The betrayal was the main thought for me, and it was the most interesting; the "events" of the play (particularly the more melodramatic ones) - I was glad they were dealt with expediently. It really didn't matter to me where she had come from; it could have been space, it could have been the big smoke, it could have been doing a university degree, it could have been a relationship with someone others disapproved of. Whatever it was, it was a demarcation from her childhood and immediate loved ones, they saw it as betrayal, and now she was back, and an adult without much capacity to properly navigate her world (perhaps because she had severed essential relationships, or perhaps something else). But she was being forced to try.

Love that it can prompt such diverse responses!

Alison Croggon said...

Very interesting, Emily! I tried, I really did. I really wanted to like it. I don't mean, btw, that the melodrama of the play should have been melodramatic; but I had no sense of trauma underneath it.

And yes, that's theatre for you.

anoneemouse said...

It's a problem the mtc seem to have, whereby what might otherwise present as an opportunity to train up an audience into a world of strange or fantastic or adventurous or even 'different' - being outside the standard blue rinse comfort zone - where things make sense all the time and the sheer experience of being inside something only ever comes about through chance - is so often presented as dry, calculated, safe and unimaginative.

I loved that strange central character in this play, but that production lacked so so much. It didn't at any stage propel us outside of being a 'play'. And I'm not sure that kind of writing demands to be experienced as just 'a play'. It seems to me, especially when you get things like a guy covered in molluscs, and the girl talks about somehow getting pregnant, somehow, inexplicably... to have the world presented as so damn neat, ordinary, safe and predictable is a failure of not only what is possible (with the budget and the company and the team) but the writing and yes, the opportunity it provides to take people to a place they have never been before.

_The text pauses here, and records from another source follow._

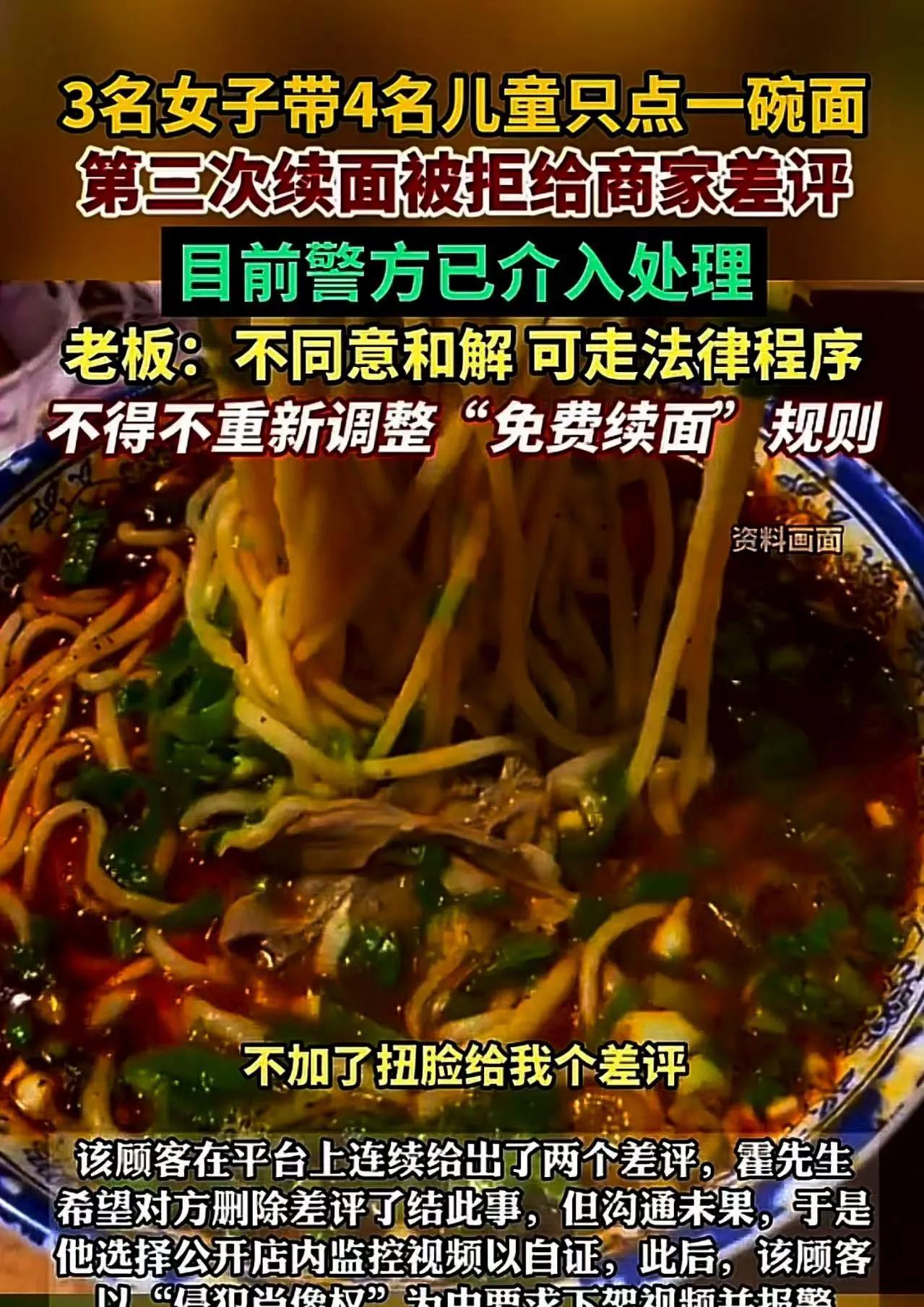 3名女子带4名儿童只点一碗面,第三次续面被老板拒绝,女子气得给店家2个差评!女子:“我只往一个碗里加面,不是同时往7个碗里加面。你既然承诺免费加面,就得兑现!”商家怒扇视频,让大家评评理,女子选择报案! (来源:湖北日报) 老板霍先生称,店里确实有免费续面,目的是为了让饭量大的人能吃饱,传递一份餐饮行业的温暖与善意。 可是当天晚上7点多,3名成年女子带着4名儿童只点了一碗面。 第一次加面,霍先生给加了,第二次女子拿碗来加,霍老板也忍了,又给女子续满。 可第三次女子来续时,霍先生实在忍不了 ,拒绝加面。 霍老板认为女子只点一碗面,想让7人吃饱,明显是借规则漏洞占便宜。 而女子则坚持,既然承诺免费续面且未明确限制人数,商家就该无条件兑现。 双方争执不下,女子反手在平台连刷两条差评;霍先生为证清白公开监控,却遭女子以侵犯肖像权为由报警。 目前警方已介入,但双方仍未达成和解。 霍先生态度坚决:“我是不同意和解,如果对方坚持,会走法律程序。另外,我将不得不重新调整免费续面的规则,带孩子的顾客如果觉得面不够吃,需要加面时就必须单独付费购买。” 此事引发了热议,有网友说,这老板没有一点点格局!我一碗面想怎么吃就怎么吃,哪怕我拿去喂猪,面没了,也得给我续,因为规则是你定的,觉得吃亏可以等这个顾客走了再改规则! 也有网友说,免费续面的情况是,只要是你自己吃,你吃10碗我也让你续,直到你吃饱。你点一碗面一家人吃饱,哪个冤大头受得了你? 还有网友说,七个人点了一碗面,加了两次面,再给老板差评,也太不厚道了,生活不易,面店老板也同样不易。 "免费续面"本是商家与顾客间的温暖约定,承载着对食客的体谅与善意。 但若有人将其异化为"一人点单、全家饱腹"的薅羊毛工具,不仅透支了商家的善意,更会迫使规则收紧,最终让所有诚实守规的消费者为少数人的贪婪买单。 当然,老板有必要针对规则说的更清楚一点,但比规则更重要的,是藏在人性里的分寸感——商家让利是情分,消费者适可而止是本分,否则当善意被过度消费,最终寒的将是整个社会的温度。#头号创作者激励计划#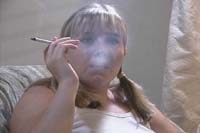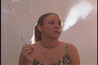 The "Real Life" series features attractive "real" girls smoking in natural settings, with front and back studio lighting. This video features background music, and is around one hour in length. In RL 4 you will see Danielle, Caitlin, and Christi in a variety of clothing styles from casual to a little more dressy. The main attraction is Danielle who performs natural snaps, open mouth inhales, and numerous french inhales. Caitlin and Christi show us a more reserved straightforward smoking style. Caitlin has a shy yet proficient style that almost has the look of a cute beginning smoker. You will see the girls enjoy a variety of brands and styles of cigarette to include Marlboro Milds, Marlboro menthol Light 100's, VS 120's menthol, VS 100 menthol, and Newport 100's.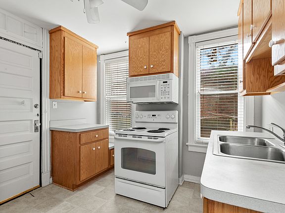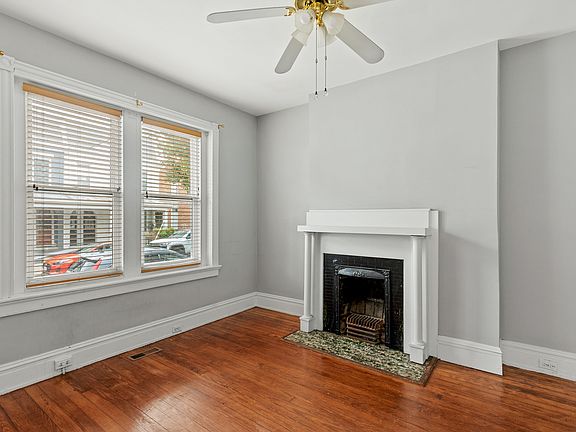 historical brick rowhouse. Original pine wood floors, crown molding, chair molding, original skylight, 3 bedrooms on 2nd floor, one half bath with pedestal sink. Beautifully decorative fireplaces w/decor. Claw foot bathtub. Spacious rear patio for entertaining. Convenient to shops, dining, and highways.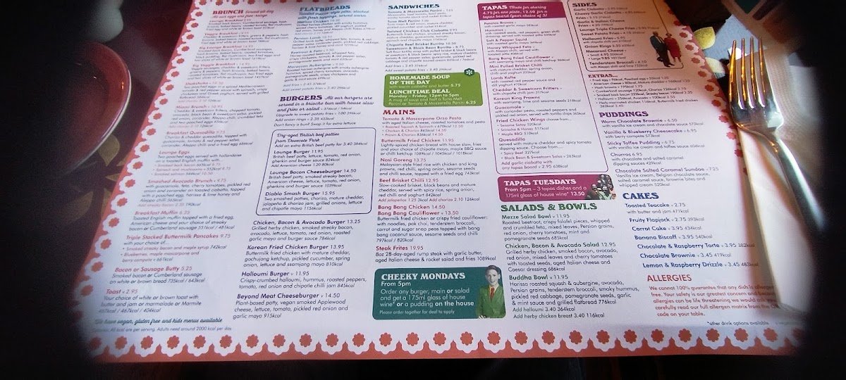 Start your day with a warming breakfast muffin or a traditional English breakfast tea paired with options like the GF Veggie Breakfast or the hearty GF Lounge Breakfast. As the day goes on, vibrant dishes such as lamb flatbread, harissa chicken flatbread, and the twisted club chicken ciabatta make for enjoyable midday or evening meals. Lighter, plant-based options like bangbang cauliflower noodles or kimchi fried rice also fit well with the inviting, informal setting.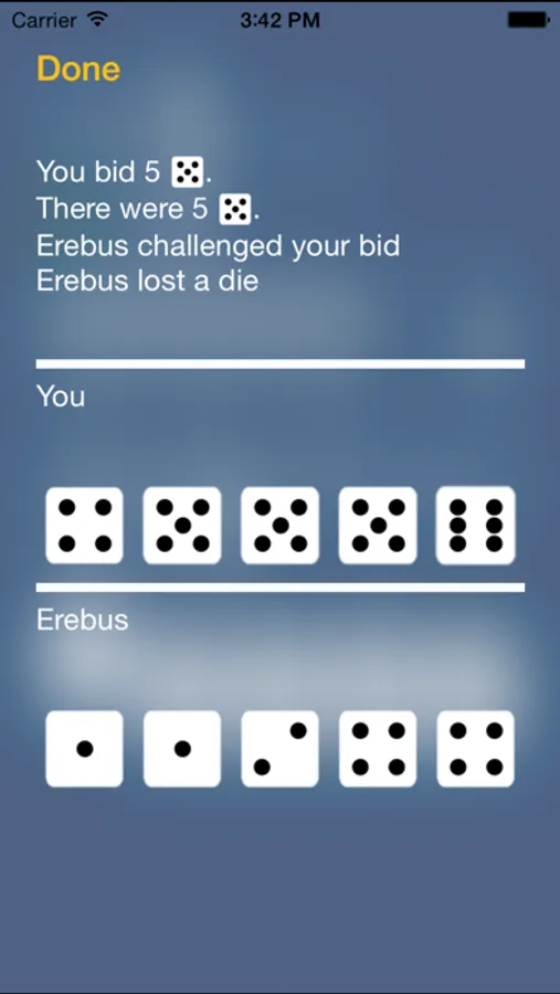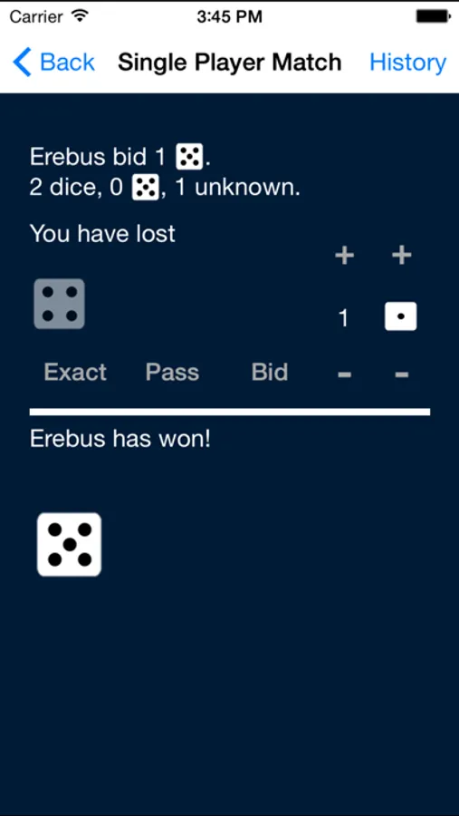 Designed for both casual and serious players, Michigan Liar's Dice can be played against one to three opponents, and provides a simple interface that helps you make your best bid. The game has the complete set of bids including pushing, exact (spot on), pass, and special rules when a player gets to one die.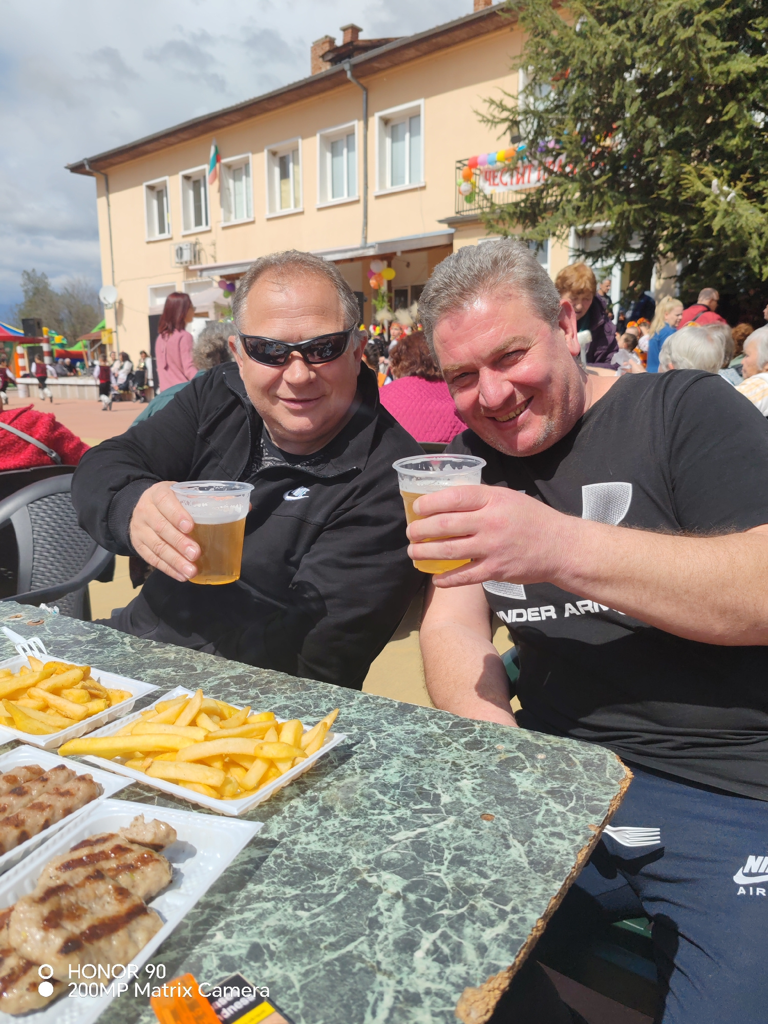 Two men sit at a table outdoors, holding plastic cups filled with a golden liquid. The man on the left wears sunglasses and a black jacket. The man on the right smiles and wears a black Under Armour t…read more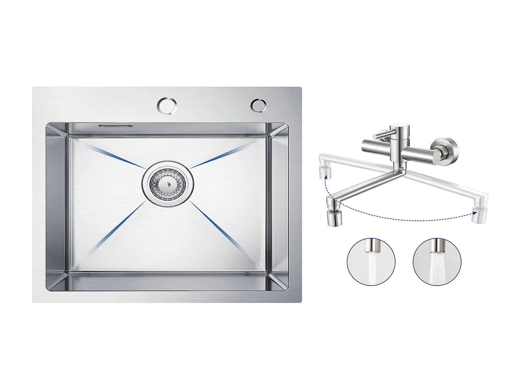 Cecipa max roestvrijstalen spoelbak 1 bak spoelbak 50 × 45 cm geborstelde spoelbak + mengkraan met uittrekbare straal, 3 waterafvoermodi, geborsteld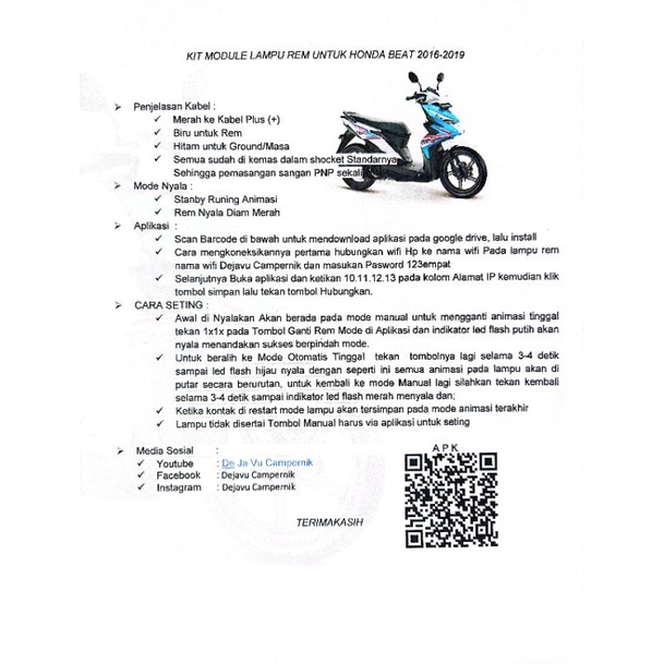 Stoplamp RGB Runing Animasi Beat 2016-2019 + Aplikasi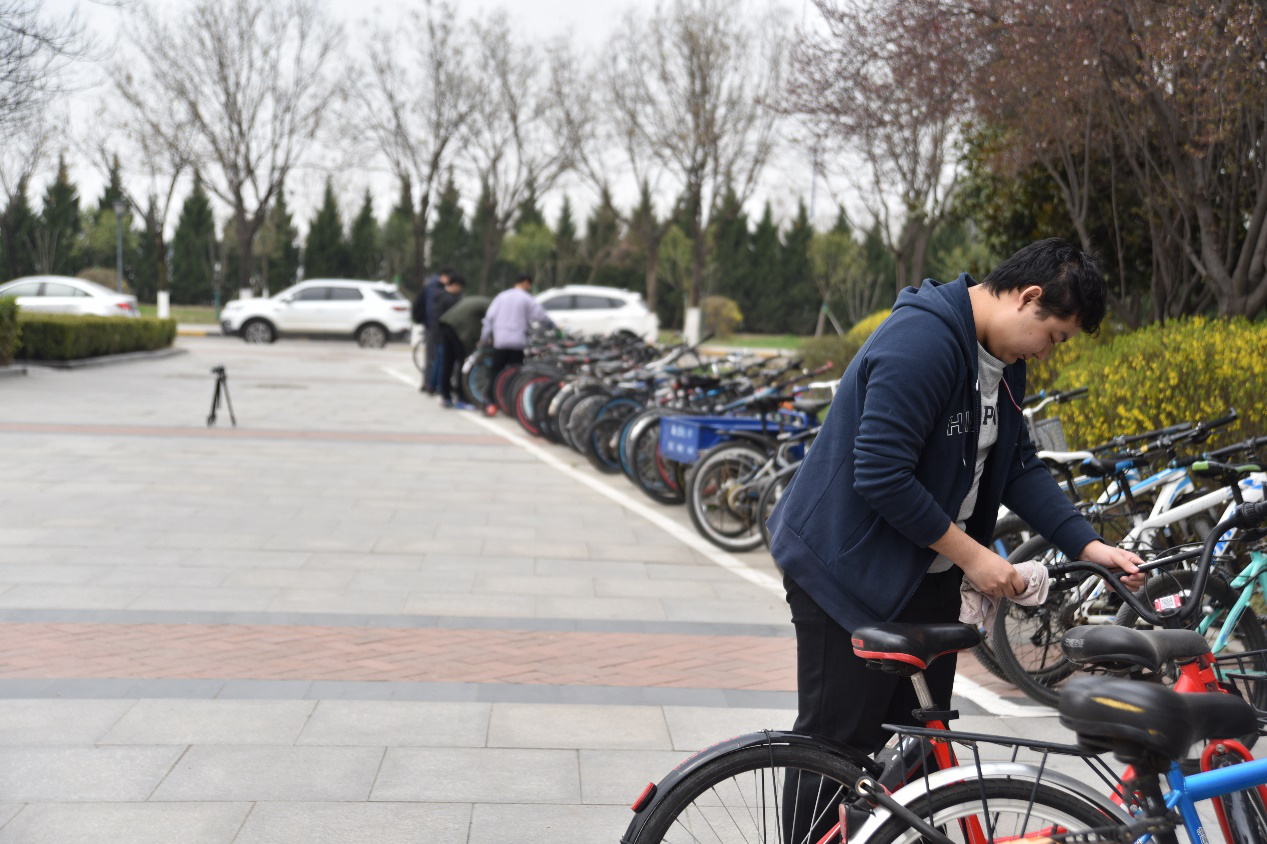 QM021702团支书将同学们分为两组,男同学负责擦洗摆放星天苑G座楼下的自行车,女同学负责星天苑B座楼下的自行车。同学热情参与,积极响应,纷纷贡献出了自己的抹布、水桶、洗洁精,从宿舍中走出来参与到这次的公益活动中。活动中,同学们积极踊跃,一丝不苟,涌现出了多个先锋榜样:一直为大家淘洗擦车布的林北辰,积极主动整理自行车的张潇洋,擦车先锋隋尚林,搬运工具器材的大班长刘扬……

A safe production that fails through taking that approach. Better to go down swinging no?

Alison Croggon said...

Hello mouse - Yes, it does feel like a huge missed opportunity. Not saying that Lally Katz is easy to do - far from it.

Goosecap said...

It's simple really: Mr Fennessy is given a very interesting writer, the best cast possible, a team of terrific designers,a decent space to work in, an assured audience and the money he needs to realize his 'vision'. He then makes a brainless production which is a waste of money, talent and time. His production was an insult to both the writer and her audience. He gets paid to do this?

the scorpion said...

geez goosecap, harsh words! Perhaps it's just that some scripts are tough to get inside of. Perhaps it's many things that result in what might be considered (by you apparently) not a profound theatrical experience.

"He gets paid to do this?"

What sort of comment is that? Should he go and work somewhere and not be paid? Should we all then, only get paid if somehow the work we make 'succeeds'? That would suggest that those striking workers at Baida shouldn't be paid, because you don't like the chicken. Or the nurses shouldn't be paid because your myopism and elephantitis of the ego hasn't been satisfactorily cured.

That insinuation that he doesn't deserve to be paid is not only an insulting comment, it's also pretty bloody stupid. In fact, it has a level of stupidity attached to it that suggests you are either bitter, annoyed, or just simply an arse.

Hang on, how about we get your tick of approval before anyone is paid? Should we submit invoices and you can decide whether you want to pay the full amount, or mark the docket NO. Perhaps someone should go order you a big bloody rubber stamp so you can have each piece of artistic endeavour specially marked by your hand.

Stupid. Mean spirited. Small minded. Ill conceived.

Alison Croggon said...

Now, now children. Let's, uh, avoid the ad hominem and confine discussion to the work. Maybe check out the comments policy, handily available from the top bar.

Whatever my own disappointment in this case - and as you know I think mistakes were made - I don't believe failure is, or should be, a hanging offence.

Tim Wotherspoon said...

Whimsy, I feel, is not absorbed as invariably as it could be – and, if I were to be presumptuous, as it should be. An actor, whom I respect, told me the other evening that they did not ‘like whimsy.’ The phrase sounded very sad to me. A reviewer said the same to me on opening night.

I think it’s important to counter some of these less receptive critical interpretations of this production some more by insisting that this play will most certainly be deeply satisfying to a great many people. It is a rarer kind of MTC production, also...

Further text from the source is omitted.